How to Guides
Mosna proposes a pipeline to explore increasingly complex features in relation with clinical data. It can be used to extract and visualize descriptive statistics, and to identify features that are most predictive of clinical variables, by training machine learning models. In particular, the following features are explored, in order of increasing complexity:
Proportional abundance of cellular phenotypes, and proportional abundance ratios (composition)
Preferential interractions between different phenotypes, quantified with assortativity z-scores (network topology)
Cellular niches
Mosna leverages the tysserand library to discover patterns of cellular interaction that are potentially clinically relevant.
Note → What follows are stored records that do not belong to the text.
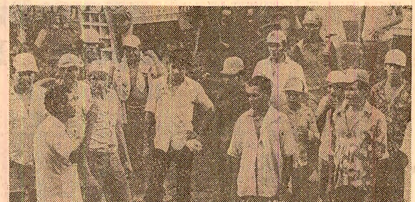
NICARAGUA. Pe fostele latitudini ale lui Somoza lanșează cooperative agricole. Noi proprietari — țevanii din regiunile agricole — au primit dreptul reformei agrare, care le pune la dispoziție îngrășămintele, mașinile agricole și specialiștii. În imagine: membrii primei cooperative agricole, înființată în urmă cu jumătate de an în apropiere de Leon, în timpul unei consfățiri de producție

Olesen a menționat că sesiunea Parlamentului danez, care a început luni, va trebui să examineze proiectul de lege privind înghetarea la nivelul actual de 2,7 miliarde mărci a cheltuielilor militare în perioada 1981—1984.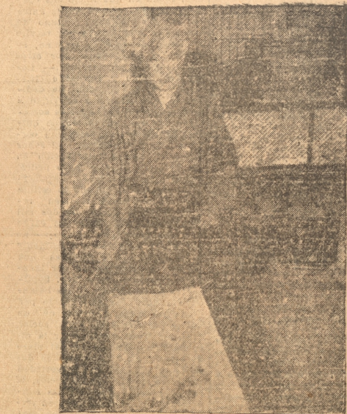
Mientras los pintores occidentales ejecutan sus obras en caballete vertical, los artistas japoneses las realizan tendiendo la tela en el suelo.

dad y no hay duda que el año de la mayoría de los japoneses para adoptar costumbres occidentales ha sido lugar a más de una escena ridícula y festiva. Cuando se inauguró la línea férrea entre Tokio y Yokohama, el emperador asistió en persona a la ceremonia de la inauguración. Para no desentonar con la ola de "européismo" que está asediando al país entero por aquella fecha, el emperador creyó oportuno trasladarse desde el palacio hasta la estación en un carruaje que lo había sido obsequiado por el ministro inglés, en lugar de usar su habitual palanquín. Era la primera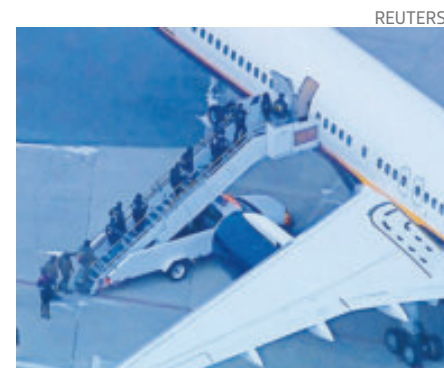
El mandatario venezolano fue trasladado a una prisión federal en Brooklyn.

dó a Maduro aterrizó en la base de la Guardia Nacional Aérea de Stewart, donde lo esperaban decenas de agentes de distintas agencias federales, entre ellas el Buró Federal de Investigaciones (FBI) y la DEA, con temperaturas cercanas a los dos grados centígrados bajo cero. Maduro descendió del avión esposado y fue trasladado en helicóptero hacia Manhattan.

In this how-to guide we discuss how to:
generate and visualize spatial networks with tysserand
calculate assortativity scores that quantify preferential interactions with mosna
generate mixing matrices with mosna
identify and visualize cellular niches with mosna (to do)
Imports and Setup
In this tutorial we assume that you have a directory containing various single-cell data files in CSV format.
We begin by importing required packages, including tysserand.
import numpy as np
import pandas as pd
from pathlib import Path
import tysserand.tysserand as ty
print(ty.__file__)
import mosna
print(mosna.__file__)
Then, we set relevant paths and load our data.
base_dir = Path("..")
mIF_path = base_dir / "raw" / "single_cell_data" # Replace single_cell_data with your directory name
csv_files = list(mIF_path.glob("*.csv"))
print(len(csv_files), "files found")
# Load all files into a dict of dataframes
dfs = {f.stem: pd.read_csv(f) for f in csv_files}
We show a single file. In the figure below we show what our input single-cell data files are expected to look like. Each row corresponds to an individual cell. Columns should include the x- and y-coordinates a cluster / phenotype assignment, and the corresponding patient and region of interest (ROI) a sample belongs to.
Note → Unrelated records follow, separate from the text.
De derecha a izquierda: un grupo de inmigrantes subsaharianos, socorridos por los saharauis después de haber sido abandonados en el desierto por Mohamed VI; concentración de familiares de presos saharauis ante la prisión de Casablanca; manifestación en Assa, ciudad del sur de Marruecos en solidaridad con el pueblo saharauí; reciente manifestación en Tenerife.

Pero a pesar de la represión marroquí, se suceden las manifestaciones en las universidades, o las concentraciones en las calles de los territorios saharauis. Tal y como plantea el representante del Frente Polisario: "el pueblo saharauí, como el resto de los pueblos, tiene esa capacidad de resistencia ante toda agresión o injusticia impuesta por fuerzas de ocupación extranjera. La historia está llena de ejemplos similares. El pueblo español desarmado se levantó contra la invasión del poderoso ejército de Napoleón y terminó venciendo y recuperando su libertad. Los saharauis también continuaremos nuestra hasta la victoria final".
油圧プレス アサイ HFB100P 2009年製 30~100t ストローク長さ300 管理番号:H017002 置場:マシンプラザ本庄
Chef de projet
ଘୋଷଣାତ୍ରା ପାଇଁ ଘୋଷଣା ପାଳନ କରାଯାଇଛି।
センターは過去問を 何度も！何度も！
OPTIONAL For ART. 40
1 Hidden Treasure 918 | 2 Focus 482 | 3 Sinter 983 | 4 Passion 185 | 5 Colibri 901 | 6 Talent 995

# Access single file, in our example file "A_01", which could correspond to patient A, ROI 01.
df_A01 = dfs["A_01"]
display(df_A01)
Generate and Visualize Spatial Networks
Tysserand generates computational networks that can subsequently be analyzed with mosna. Additionally, it provides functionality to visualize these networks. In this section, we will show how to do this. We first take a single CSV file as input. Then, we will show a function that automates this for a directory of CSV files.
To generate computational networks with tysserand, we need to provide it with the spatial coordinates of the nodes, which can either be individual cells
or spots (such as in Visium 10X genomics). The nodes should be provided as a numpy array of shape (n_nodes, 2), where the first column contains the
x-coordinates and the second column contains the y-coordinates footnote{It is also possible to provide 3D coordinates}.
Assuming we have a pandas dataframe group with columns X_position and Y_position that specify the spatial coordinates of the nodes,
we can use the following code to generate the network, using default parameters.
# We access a single file, corresponding to patient A and region of interest 01.
df_A01 = dfs["A_01"]
df_nodes = df_A01[['X_position', 'Y_position']]
df_nodes.columns = ['X_position', 'Y_position']
np_array_nodes = df_nodes.values
np_array_edges = ty.build_delaunay(np_array_nodes)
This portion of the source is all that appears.